I'm glad that you ask. It's about efficiency in using resource, the resource in this case is the CPU.

When a task runs, it doesn't necessarily require the CPU 100% of time. There's `IO operations` such as reading/writing files on disk, making network call then waiting for response. These operations don't required CPU power. So, if a task is given the CPU resource to run but end up waiting for `IO`, it's wasting the CPU time.
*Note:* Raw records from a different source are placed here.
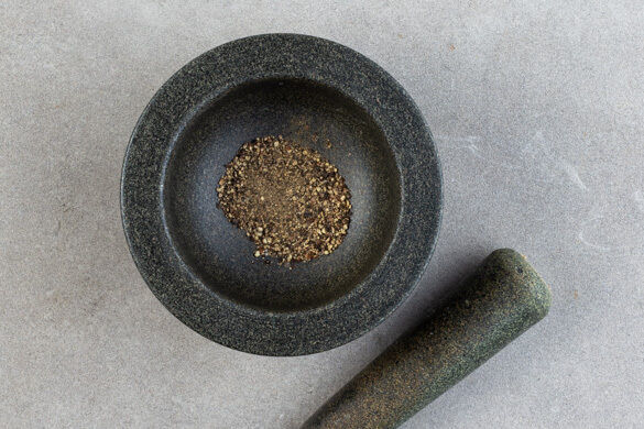 Die Pfefferkörner in einem Mörser fein zerstoßen. Tipp: Wer keinen Mörser hat, kann den Pfeffer auch z. B. in einen Gefrierbeutel geben und mit einer schweren Pfanne zerstoßen. Ca. 3/4 des Pfeffers in die Pfanne geben und mit dem Fleisch und den Artischocken vermengen.
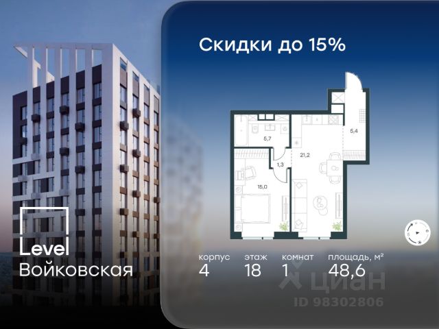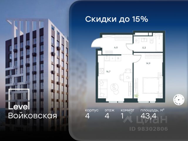 Цена указана с учётом скидки при 100%-й оплате, несубсидированной ипотеке, рассрочке (кроме программы "Рассрочка 0%"). Продается 1-комнатная квартира площадью 40.90 кв. м с отделкой. Квартира находится на 4 этаже 26-этажного корпуса 4, в новом жилом комплексе бизнес-класса Level Войковская, расположенном рядом с живописным заповедником "Покровское-Стрешнево" (застройщик - компания Level Group/Левел групп). Прекрасная транспортная доступность - 7 мин. пешком до станции МЦК "Балтийская"; - 15 мин. пешком до станции метро "Войковская"; - 8 мин. на машине до ТТК; - 15 мин. на машине до центра Москвы; - 20 мин. на машине до Москва-Сити. Продуманный архитектурный проект - стильная архитектура от мастерской Фефелова В. В.; - панорамные виды на парки, Химкинское водохранилище и Останкинскую башню; - лобби с высотой потолков до 6,45 метров; - более 20 видов планировочных решений, включая редкие форматы квартир с террасой и увеличенной высотой потолков до 5,42 метров; - 2 варианта дизайнерской отделки в корпусе 4, предлагаются как дополнительная опция к отделке white box: стиль Modern в светлых холодных тонах и стиль Classic в нейтральной бежевой гамме. Квартиры в корпусах 3 и 5 сдаются без отделки. Расположение Level Войковская строится в престижном Северном округе Москвы. Развитая инфраструктура и живописная природа переплетаются в единый ансамбль, столь значимый для комфортной жизни. Войковский район окружают парки и набережные. В шаговой доступности - парк "Покровское-Стрешнево", не более 15-ти минут на велосипеде занимает путь до Тимирязевского парка и 9-ти минут до парка усадьбы Михалково. Рядом более 60 школ, 75 дошкольных учреждений, 17 государственных и 6 частных вузов, 25 супермаркетов, 4 торговых центра, среди которых ТЦ "Метрополис" и ТЦ "Авиапарк". Внутренняя инфраструктура На территории жилого комплекса предусмотрены коммерческие помещения: кафе, ресторан, пекарня и другие сервисы откроются на первых этажах корпусов. Для жителей будет доступен отапливаемый подземный паркинг на 244 машино-места с доступом с любого этажа на лифте. На территории паркинга будет расположено 125 кладовых помещений для хранения сезонного инвентаря. Лобби и благоустройство Дизайн лобби Level Войковская создан совместно с бюро BLANK. Это уютные гостиные, где хочется задержаться. Теплая цветовая гамма, ресепшен, зоны ожидания, лапомойки и гостевые санузлы - каждая деталь превращает лобби в комфортное продолжение вашего дома. 1,15 га площади в первых двух этапах строительства отведено под приватный внутренний двор, который спроектирован совместно с бюро "Правда". Детские площадки для всех возрастов, спортивные пространства для йоги, воркаута и петанка, уютные зоны для тихого отдыха или работы. Здесь утро начинается с вдохновения, а вечер наполнен приятными моментами. Лифты Комфортное перемещение внутри жилого комплекса будут обеспечивать надёжные лифты с доступом в паркинг с жилых этажей. В каждом корпусе предусмотрено по 3 грузопассажирских лифта.
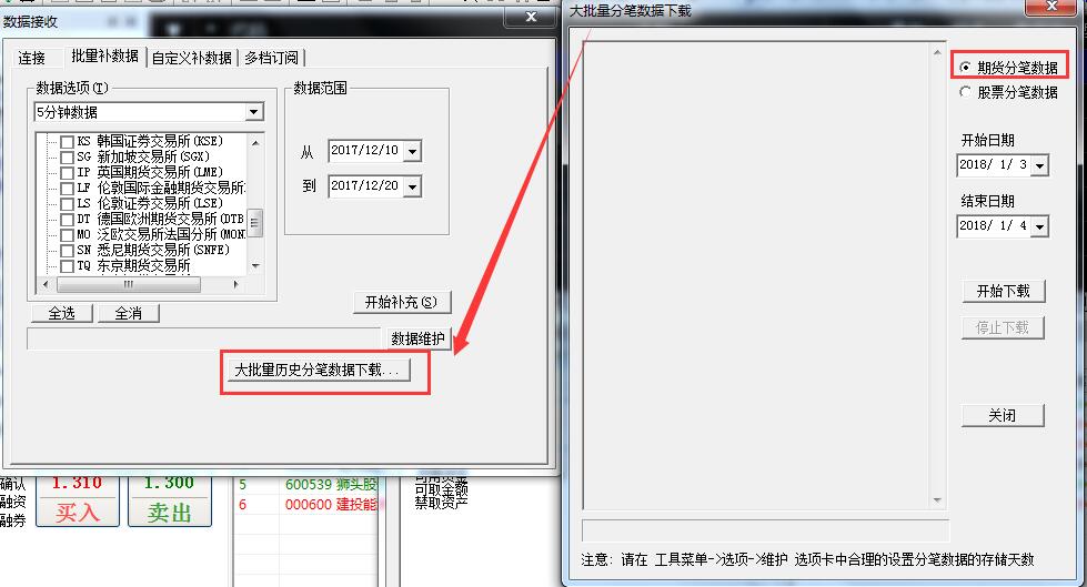 2. 通过数据补充中的“大批量历史分笔数据”来补充,然后选择一下相关市场和时间段;
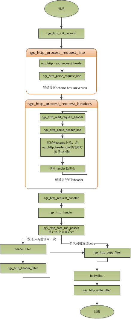 当 nginx 解析到两个回车换行符时,就表示请求头的结束,此时就会调用 ngx_http_process_request 来处理请求了。ngx_http_process_request 会设置当前的连接的读写事件处理函数为 ngx_http_request_handler,然后再调用 ngx_http_handler 来真正开始处理一个完整的http请求。这里可能比较奇怪,读写事件处理函数都是ngx_http_request_handler,其实在这个函数中,会根据当前事件是读事件还是写事件,分别调用 ngx_http_request_t 中的 read_event_handler 或者是 write_event_handler。由于此时,我们的请求头已经读取完成了,之前有说过,nginx 的做法是先不读取请求 body,所以这里面我们设置 read_event_handler 为 ngx_http_block_reading,即不读取数据了。刚才说到,真正开始处理数据,是在 ngx_http_handler 这个函数里面,这个函数会设置 write_event_handler 为 ngx_http_core_run_phases,并执行 ngx_http_core_run_phases 函数。ngx_http_core_run_phases 这个函数将执行多阶段请求处理,nginx 将一个 http 请求的处理分为多个阶段,那么这个函数就是执行这些阶段来产生数据。因为 ngx_http_core_run_phases 最后会产生数据,所以我们就很容易理解,为什么设置写事件的处理函数为 ngx_http_core_run_phases 了。在这里,我简要说明了一下函数的调用逻辑,我们需要明白最终是调用 ngx_http_core_run_phases 来处理请求,产生的响应头会放在 ngx_http_request_t 的 headers_out 中,这一部分内容,我会放在请求处理流程里面去讲。nginx 的各种阶段会对请求进行处理,最后会调用 filter 来过滤数据,对数据进行加工,如 truncked 传输、gzip 压缩等。这里的 filter 包括 header filter 与 body filter,即对响应头或响应体进行处理。filter 是一个链表结构,分别有 header filter 与 body filter,先执行 header filter 中的所有 filter,然后再执行 body filter 中的所有 filter。在 header filter 中的最后一个 filter,即 ngx_http_header_filter,这个 filter 将会遍历所有的响应头,最后需要输出的响应头在一个连续的内存,然后调用 ngx_http_write_filter 进行输出。ngx_http_write_filter 是 body filter 中的最后一个,所以 nginx 首先的 body 信息,在经过一系列的 body filter 之后,最后也会调用 ngx_http_write_filter 来进行输出(有图来说明)。

The whole concept of `async` is about leveraging CPU time to make sure that the CPU works as much as possible to handle processes.
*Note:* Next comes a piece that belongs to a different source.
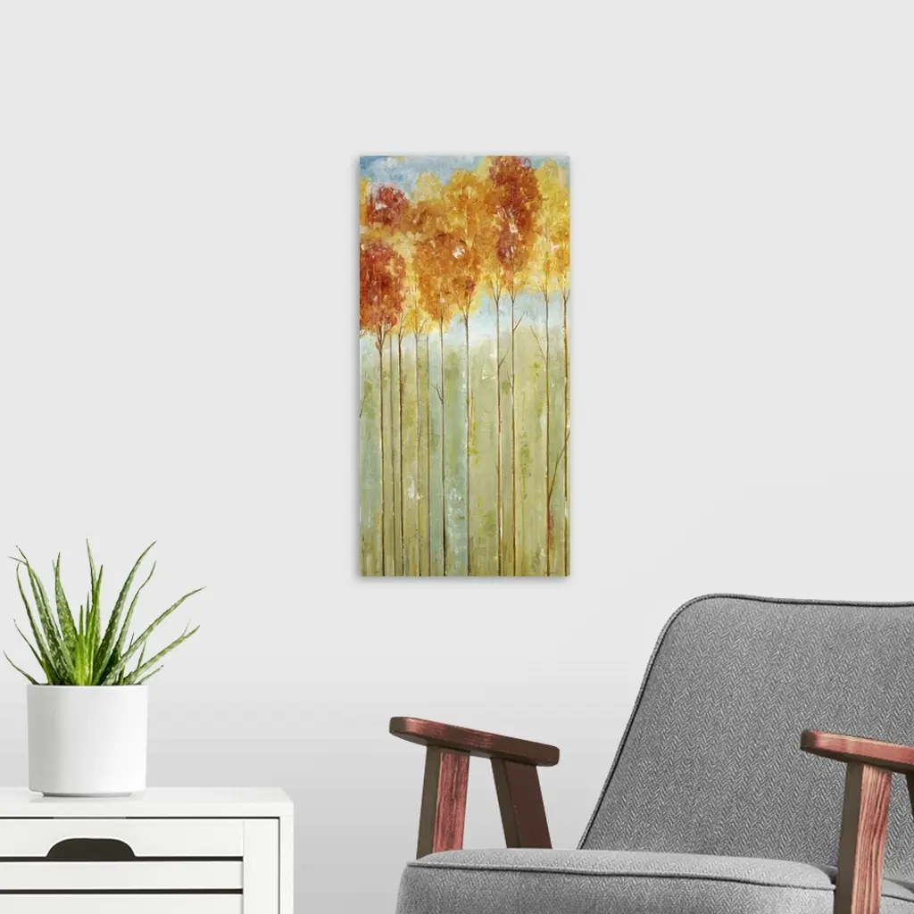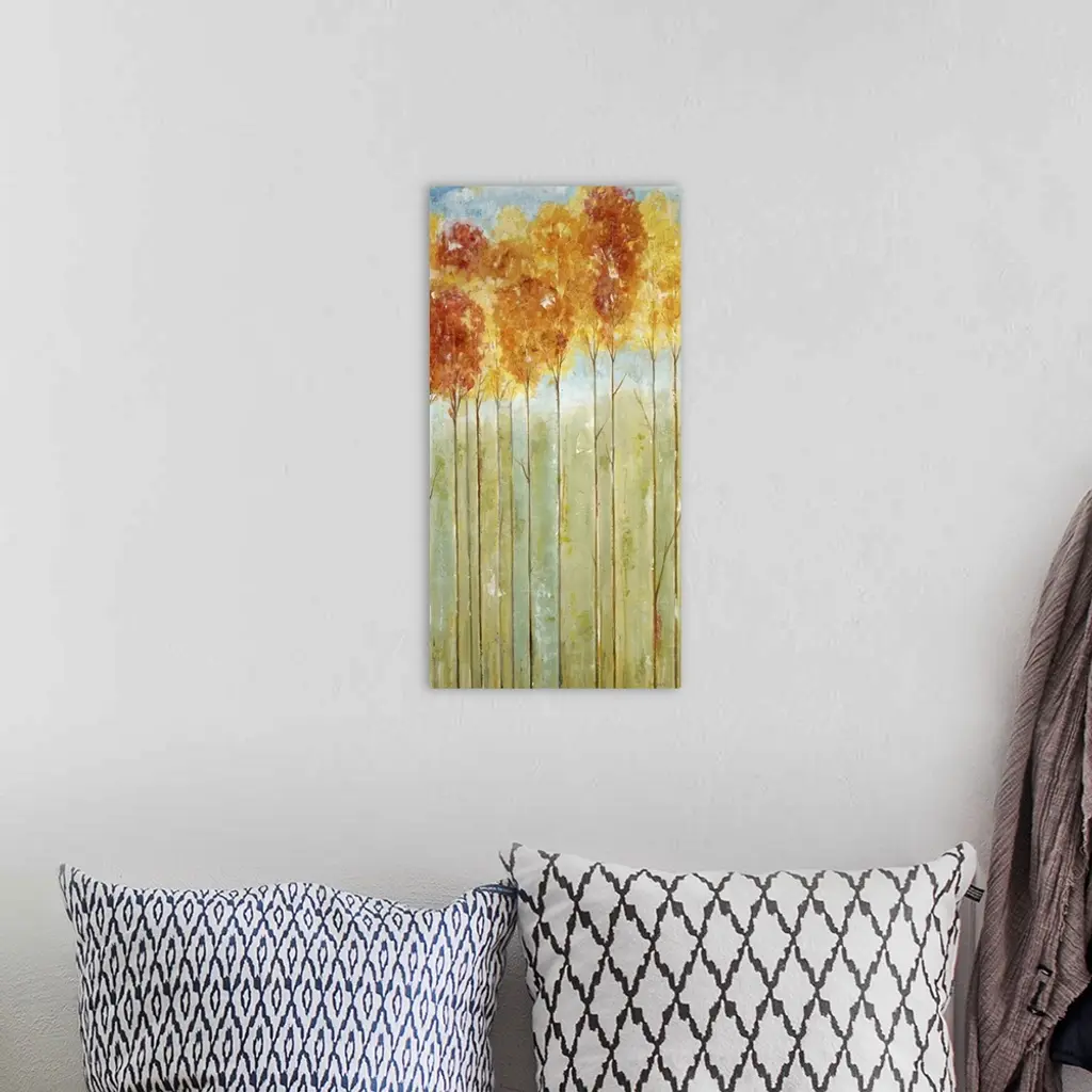 A contemporary painting of tall trees on thin trunks with autumn foliage.

Another simple illustration will help:
```
Time   1|||||||||2|||||||||3|||||||||4|||||||||5|||||||||6|||||||||7|||||||||8
Task 1 |----------------|=====|-----------|xxxxxxxxxxxx|------|finished
Task 2 |================|-----|========================|======|-----------|finished
                                                                          |
Task 1 |----------------|=====|-----------|xxxxxxxxxxxx|------|finished   |
Task 2 |================|-----|===========|-----------|finishe|           |
                                                              |           |
scenario 1                                                    |           |
scenario 2                                                                |

---- time that task uses CPU
==== time that task is waiting for CPU (CPU is being used by another task)
xxxx dead time for IO
```
In first scenario, task 2 has to wait even though task 1 is waiting for IO and not using CPU.
In second scenario, when task 1 begins waiting for IO, task 2 was given the CPU to run. Thus in scenario 2, the overall time for two tasks is shorter.

# Summary
We was introduced the concept of `async`. The key difference of `parallelism` and `concurrency` gives us the basic to further explore `threading`, `subprocess` and `cooperative async`. Again, by highlighting the differences between these concepts, we further get down to how each of the concepts relates to each other and ultimately learn the purpose of writing `async` programs. It's to leverage the CPU time to handle as much work as possible in a given amount of time.